Run the sampling process.

_setup_diagnostics

Initialize the diagnostics

Basic Usage

# Define energy function
energy_fn = QuadraticEnergy(A=torch.eye(2), b=torch.zeros(2))

# Initialize sampler
sampler = LangevinDynamics(
    energy_function=energy_fn,
    step_size=0.01,
    noise_scale=0.1
)

# Sample 100 points from 5 parallel chains
samples = sampler.sample_chain(
    dim=2,
    k_steps=50,
    n_samples=100
)

Parameter Relationships

The effective temperature is controlled by: \(\text{Temperature} = \frac{\text{noise_scale}^2}{2 \cdot \text{step_size}}\) Adjust both parameters together to maintain constant temperature.

Source code in torchebm/samplers/langevin_dynamics.py
class LangevinDynamics(BaseSampler):
    r"""
    Langevin Dynamics sampler implementing discretized gradient-based MCMC.

    This class implements the Langevin Dynamics algorithm, a gradient-based MCMC method that samples from a target
    distribution defined by an energy function. It uses a stochastic update rule combining gradient descent with Gaussian noise to explore the energy landscape.
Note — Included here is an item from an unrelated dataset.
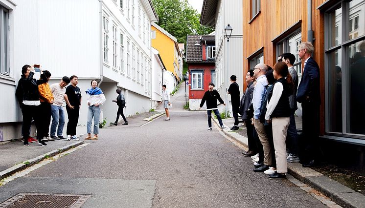 Fotograferingsseanse i Tønsbergs smågater. Representantene fra Koshipa, Dino Lab og Trainor fotograferes av studentene.
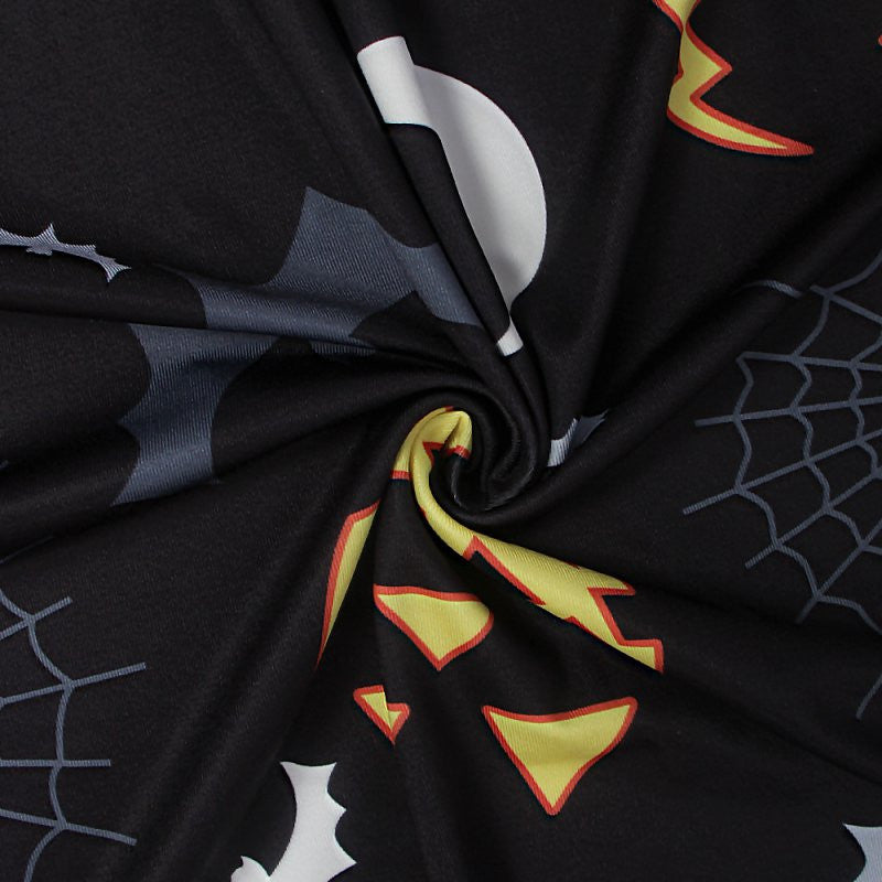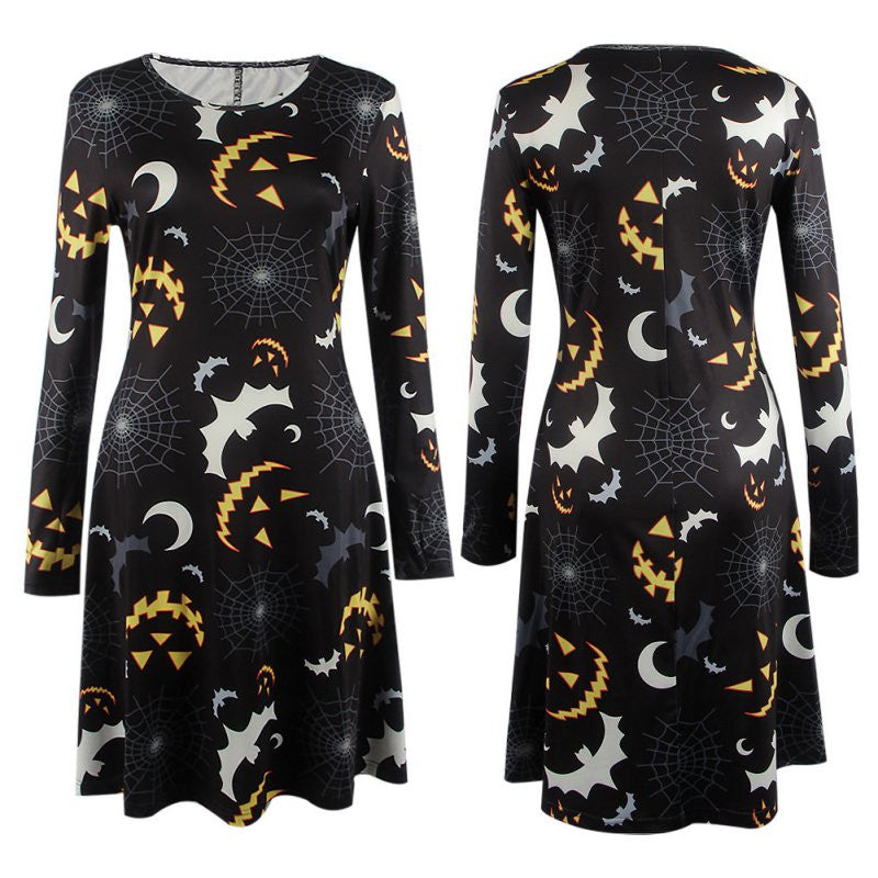 Elegant Women Bat And Moon Polyester Print Dress With Full Sleeve And O-neck For Halloween UBY

    Each step updates the state $x_t$ according to the discretized Langevin equation:

    $$x_{t+1} = x_t - \eta \nabla_x U(x_t) + \sqrt{2\eta} \epsilon_t$$

    where $\epsilon_t \sim \mathcal{N}(0, I)$ and $\eta$ is the step size.

    This process generates samples that asymptotically follow the Boltzmann distribution:


    $$p(x) \propto e^{-U(x)}$$

    where $U(x)$ defines the energy landscape.

    !!! note "Algorithm Summary"

        1. If `x` is not provided, initialize it with Gaussian noise.
        2. Iteratively update `x` for `k_steps` using `self.langevin_step()`.
        3. Optionally track trajectory (`return_trajectory=True`).
        4. Optionally collect diagnostics such as mean, variance, and energy gradients.

    Args:
        energy_function (BaseEnergyFunction): Energy function to sample from.
        step_size (float): Step size for the Langevin update.
        noise_scale (float): Scale of the Gaussian noise.
        decay (float): Damping coefficient (not supported yet).
        dtype (torch.dtype): Data type to use for the computations.
        device (str): Device to run the computations on (e.g., "cpu" or "cuda").

    Raises:
        ValueError: For invalid parameter ranges

    Methods:
        langevin_step(prev_x, noise): Perform a Langevin step.
        sample_chain(x, dim, k_steps, n_samples, return_trajectory, return_diagnostics): Run the sampling process.
        _setup_diagnostics(dim, k_steps, n_samples): Initialize the diagnostics

    !!! example "Basic Usage"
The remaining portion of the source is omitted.